• _Exercise brief_
Starting with the first line of the data below, copy each line up to and including the one containing "Front of the". Pictures stay out.

• _Provided material_
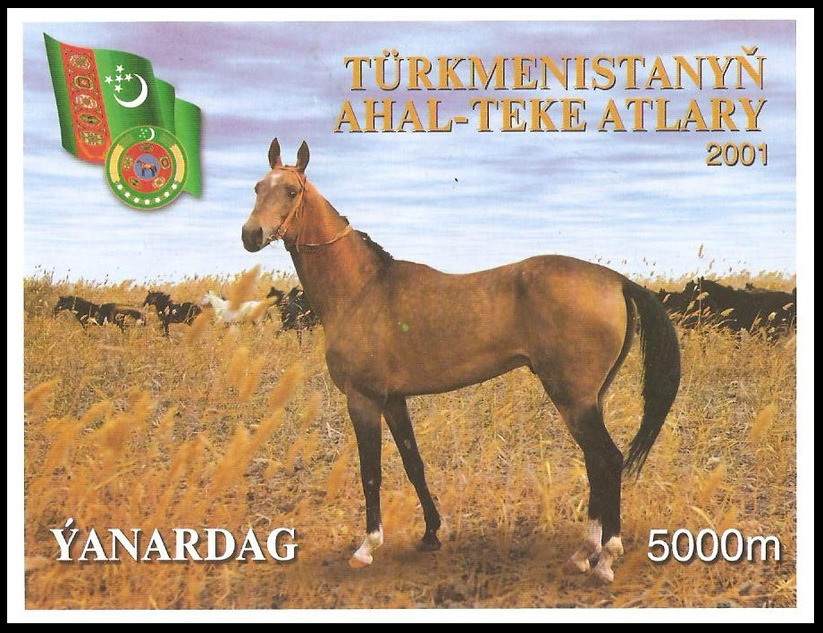 A 2001 miniature sheet from Turkmenistan. Akhal-Teke Horses. 5000 M. multicoloured. Akhal-Teke horse on the background of herd. Michel catalogue number: Block12
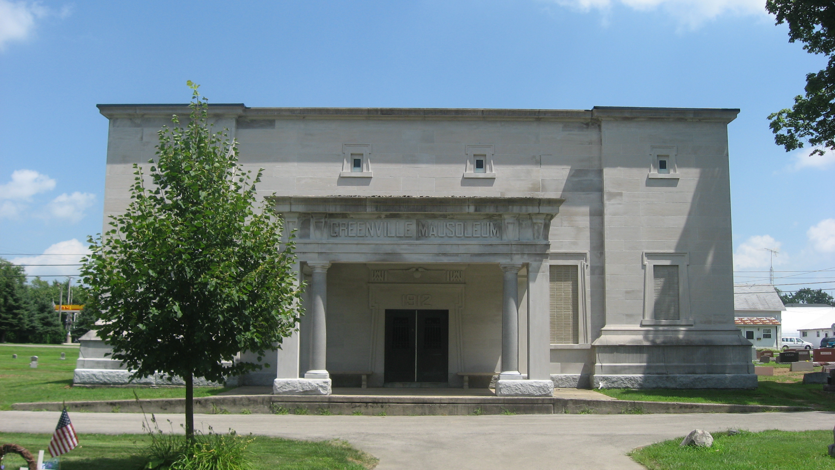 Front of the Greenville Mausoleum, located along West Street in the city cemetery of Greenville, Ohio, United States. Built in 1913, it is listed on the National Register of Historic Places.
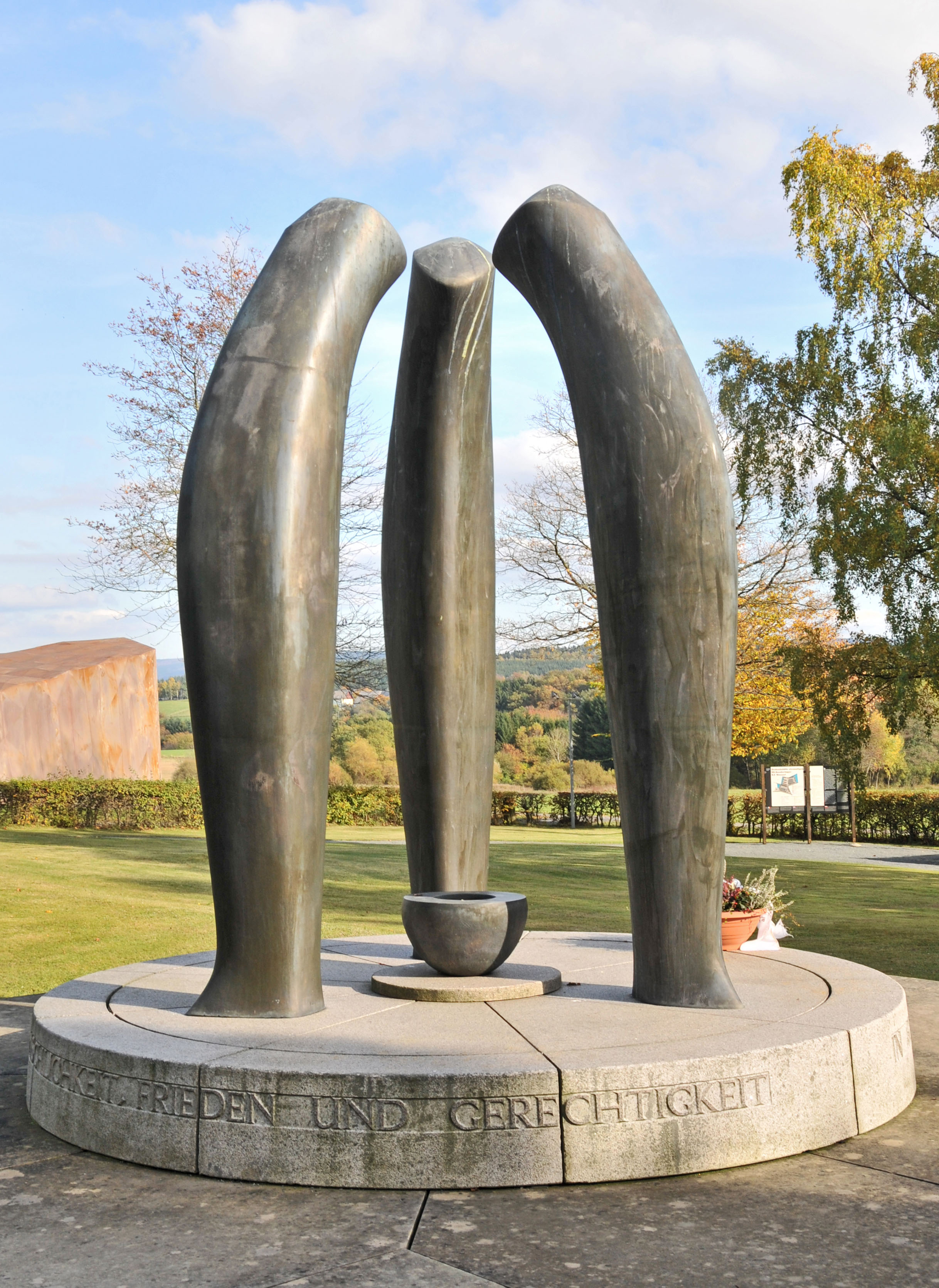 Bronze by Lucien Wercollier (1908-2002) at the Memorial of the Worl War II concentration camp at Hinzert, Germany. Uploaded with the espressive permission of the family members of the artist.
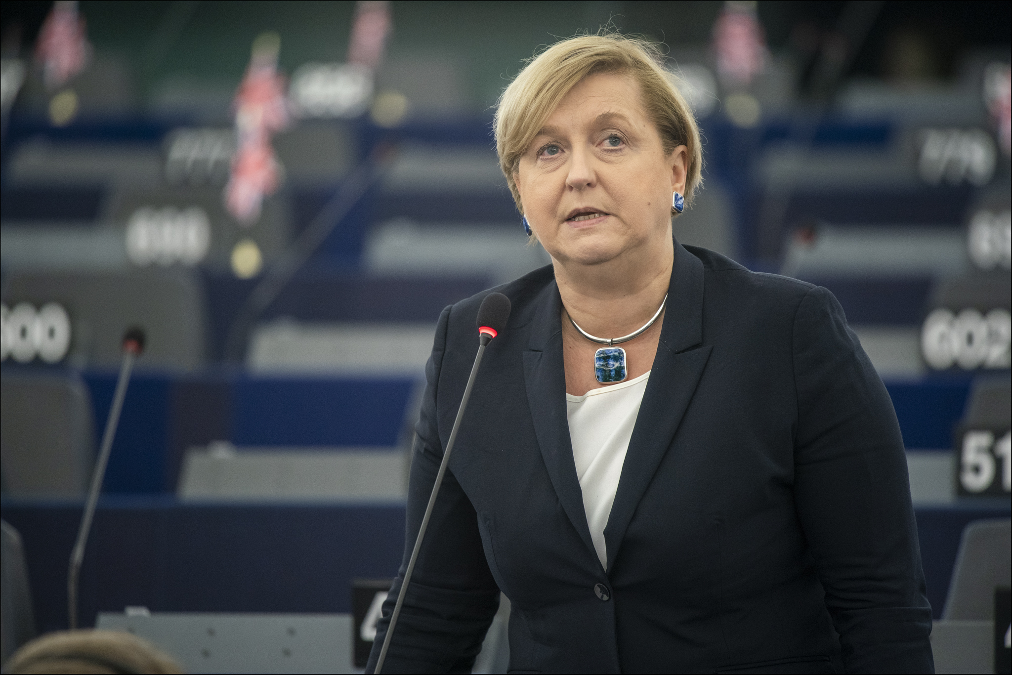 Anna Fotyga during a debate calling for measures against Turkey following military operation in Syria in the European Parliament
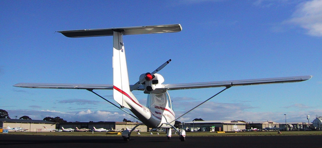 Sky Arrow 650 TCN Photo by Morgan Leigh. 2006.
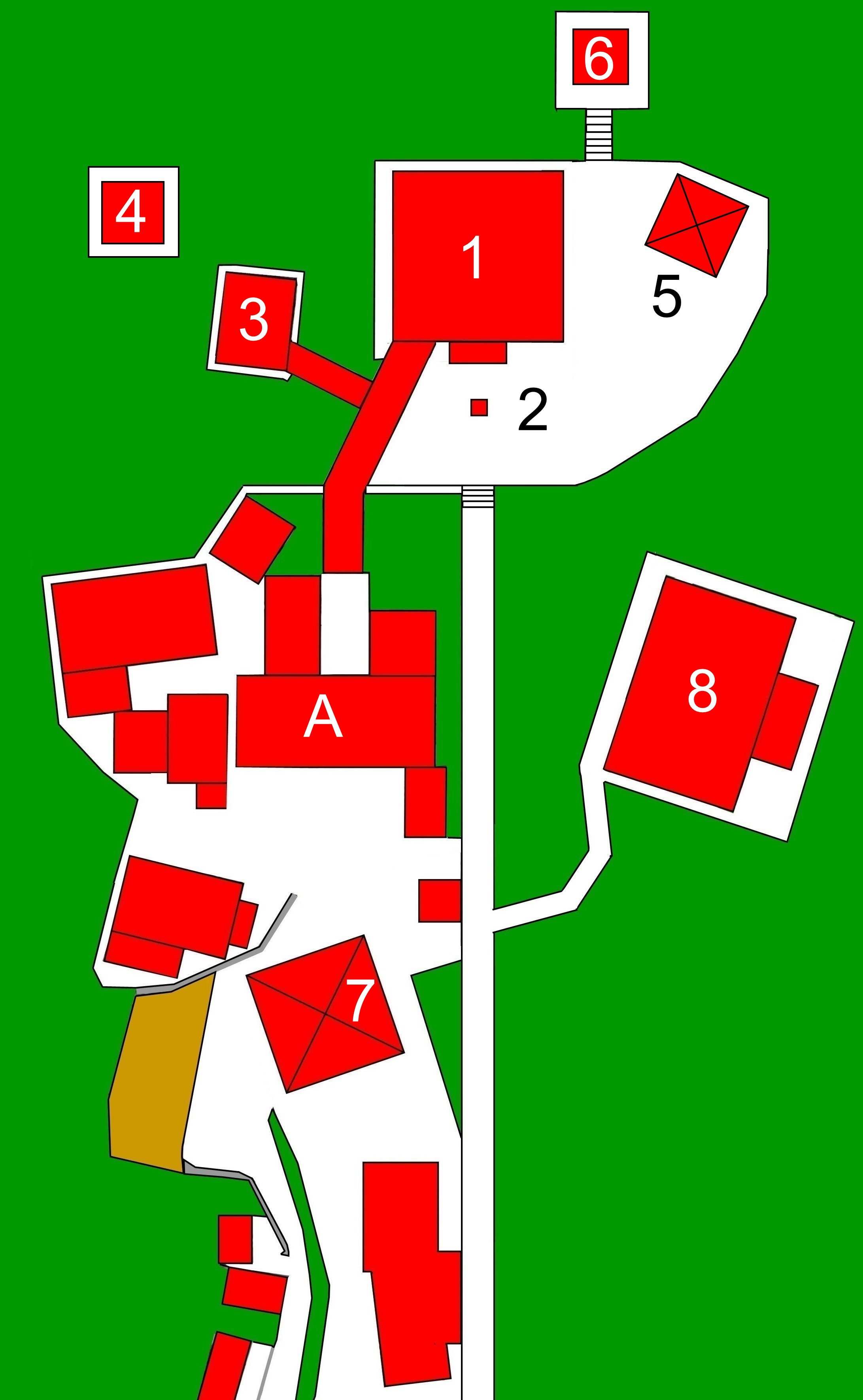 Layout of Kabusan-ji temple at Taktsuki, Osaka prefecture, Japan
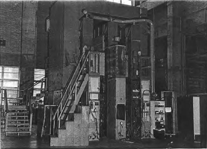 Located in Building 9731 with a two bin Beta development unit, this calutron was used for research, development and training
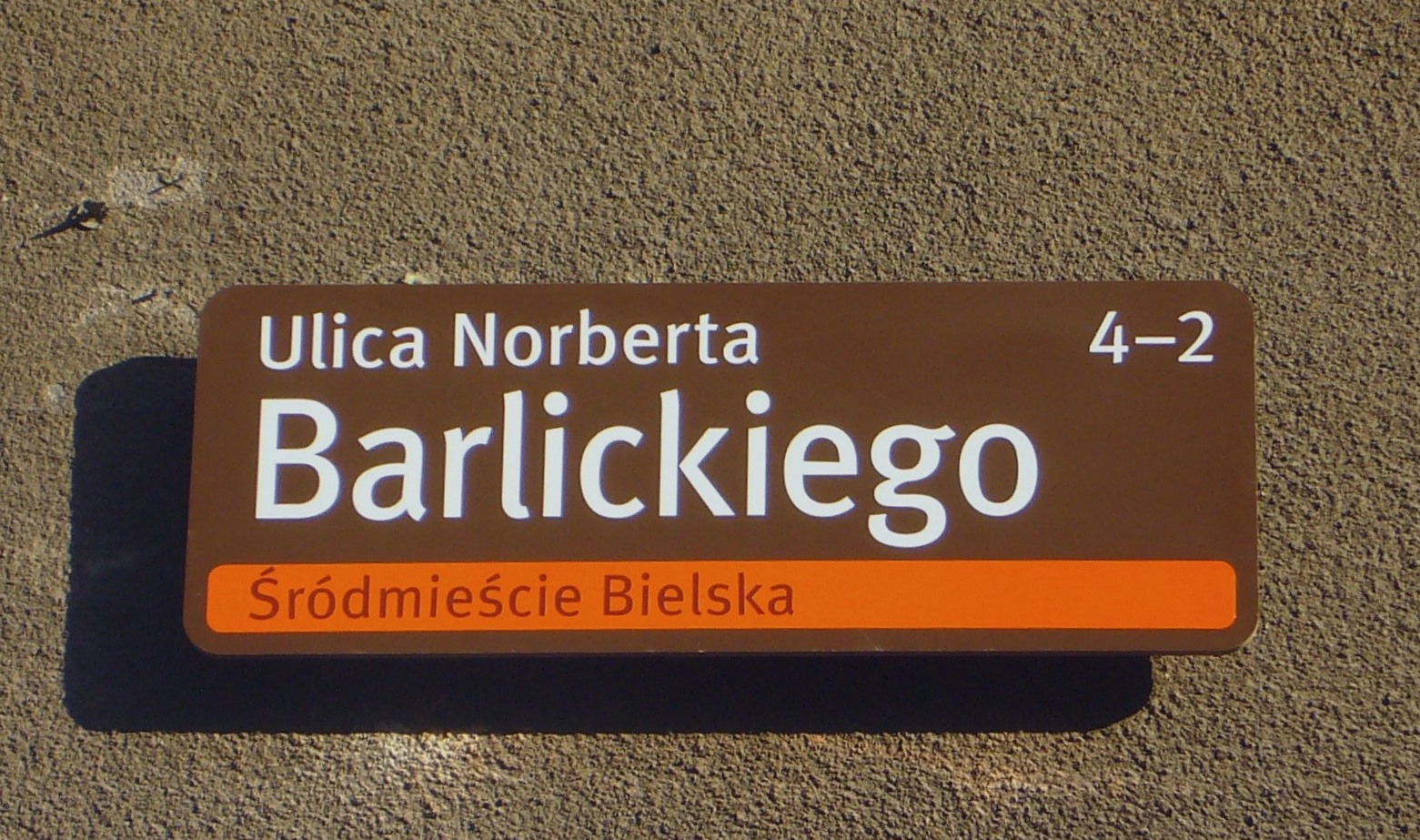 Typical street sign in Bielsko-Biała (2-4 Norbert Barlicki Street).
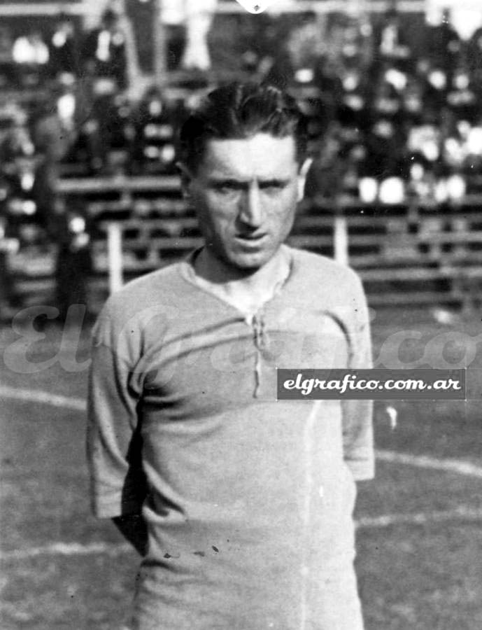 Pedro Calomino
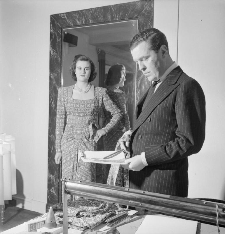 London Fashion Designers- the work of Members of the Incorporated Society of London Fashion Designers in Wartime, London, England, UK, 1944 In his London office, fashion designer Norman Hartnell compares his original sketch and fabric sample to the finished garment, worn by a model, which has just been completed in his workrooms. The dress is made from a jewel print fabric, which he designed.

• _Finished task_
 A 2001 miniature sheet from Turkmenistan. Akhal-Teke Horses. 5000 M. multicoloured. Akhal-Teke horse on the background of herd. Michel catalogue number: Block12
 Front of the Greenville Mausoleum, located along West Street in the city cemetery of Greenville, Ohio, United States. Built in 1913, it is listed on the National Register of Historic Places.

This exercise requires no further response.